**WHAT THIS TASK INVOLVES**
Transcribe exactly the lines below that begin at the line with "Перчатки женские, мужские, зимние, вязаные, теплые, для" and stop after the line with "ايتل سرج متين", leaving out every picture.

**RAW DATA**
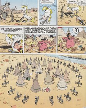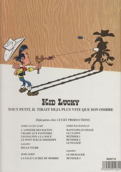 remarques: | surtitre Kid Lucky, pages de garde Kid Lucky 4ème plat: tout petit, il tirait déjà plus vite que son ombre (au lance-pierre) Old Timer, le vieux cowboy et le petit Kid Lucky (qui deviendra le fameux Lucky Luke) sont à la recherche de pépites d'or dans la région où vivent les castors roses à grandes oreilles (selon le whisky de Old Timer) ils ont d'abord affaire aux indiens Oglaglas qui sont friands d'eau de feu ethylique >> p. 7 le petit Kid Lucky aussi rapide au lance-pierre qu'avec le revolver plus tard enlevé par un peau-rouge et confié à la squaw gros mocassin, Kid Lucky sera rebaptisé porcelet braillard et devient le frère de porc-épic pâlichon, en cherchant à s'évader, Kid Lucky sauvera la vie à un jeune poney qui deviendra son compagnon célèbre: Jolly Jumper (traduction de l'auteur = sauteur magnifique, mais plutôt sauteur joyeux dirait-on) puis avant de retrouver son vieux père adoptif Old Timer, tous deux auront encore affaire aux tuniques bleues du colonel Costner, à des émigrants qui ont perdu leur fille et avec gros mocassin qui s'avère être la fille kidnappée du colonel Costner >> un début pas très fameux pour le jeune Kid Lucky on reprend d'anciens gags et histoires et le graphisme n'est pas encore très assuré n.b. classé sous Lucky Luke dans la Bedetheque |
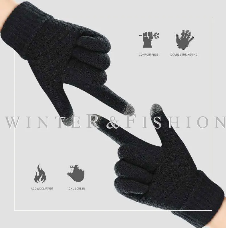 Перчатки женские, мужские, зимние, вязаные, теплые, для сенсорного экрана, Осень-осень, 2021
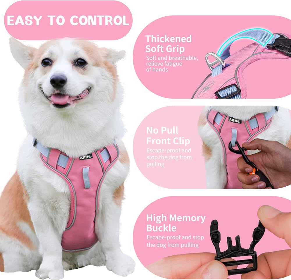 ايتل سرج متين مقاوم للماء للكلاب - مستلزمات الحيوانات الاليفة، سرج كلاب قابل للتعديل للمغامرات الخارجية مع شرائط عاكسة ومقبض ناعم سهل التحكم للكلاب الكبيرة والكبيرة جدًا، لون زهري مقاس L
...
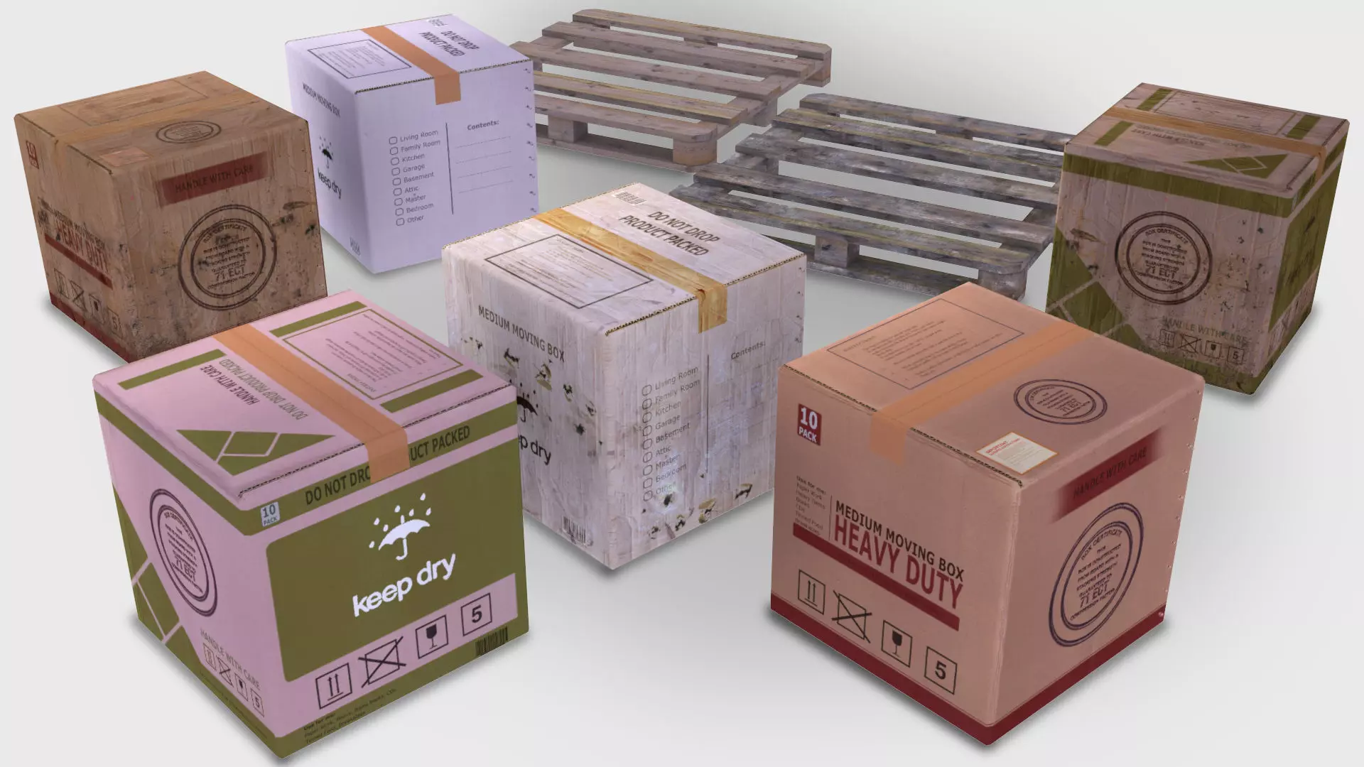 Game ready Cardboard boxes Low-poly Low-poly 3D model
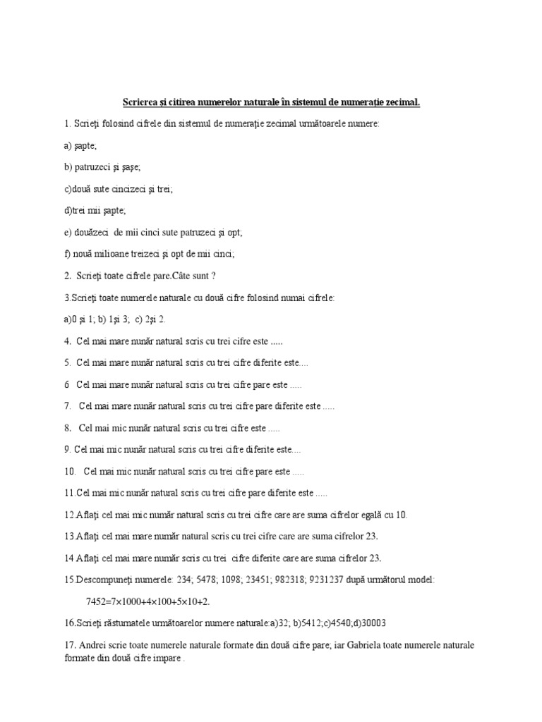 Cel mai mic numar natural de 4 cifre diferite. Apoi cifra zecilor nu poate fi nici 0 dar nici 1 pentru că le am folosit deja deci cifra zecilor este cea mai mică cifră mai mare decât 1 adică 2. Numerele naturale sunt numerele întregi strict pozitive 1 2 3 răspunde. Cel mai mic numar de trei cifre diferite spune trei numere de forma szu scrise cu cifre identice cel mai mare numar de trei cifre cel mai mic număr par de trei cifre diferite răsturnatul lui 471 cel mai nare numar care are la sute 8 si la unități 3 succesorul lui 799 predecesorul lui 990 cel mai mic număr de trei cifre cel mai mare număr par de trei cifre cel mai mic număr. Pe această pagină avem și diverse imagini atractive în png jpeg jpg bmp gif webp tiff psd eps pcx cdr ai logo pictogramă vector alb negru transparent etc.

**ANSWER BOX**
 Перчатки женские, мужские, зимние, вязаные, теплые, для сенсорного экрана, Осень-осень, 2021
 ايتل سرج متين مقاوم للماء للكلاب - مستلزمات الحيوانات الاليفة، سرج كلاب قابل للتعديل للمغامرات الخارجية مع شرائط عاكسة ومقبض ناعم سهل التحكم للكلاب الكبيرة والكبيرة جدًا، لون زهري مقاس L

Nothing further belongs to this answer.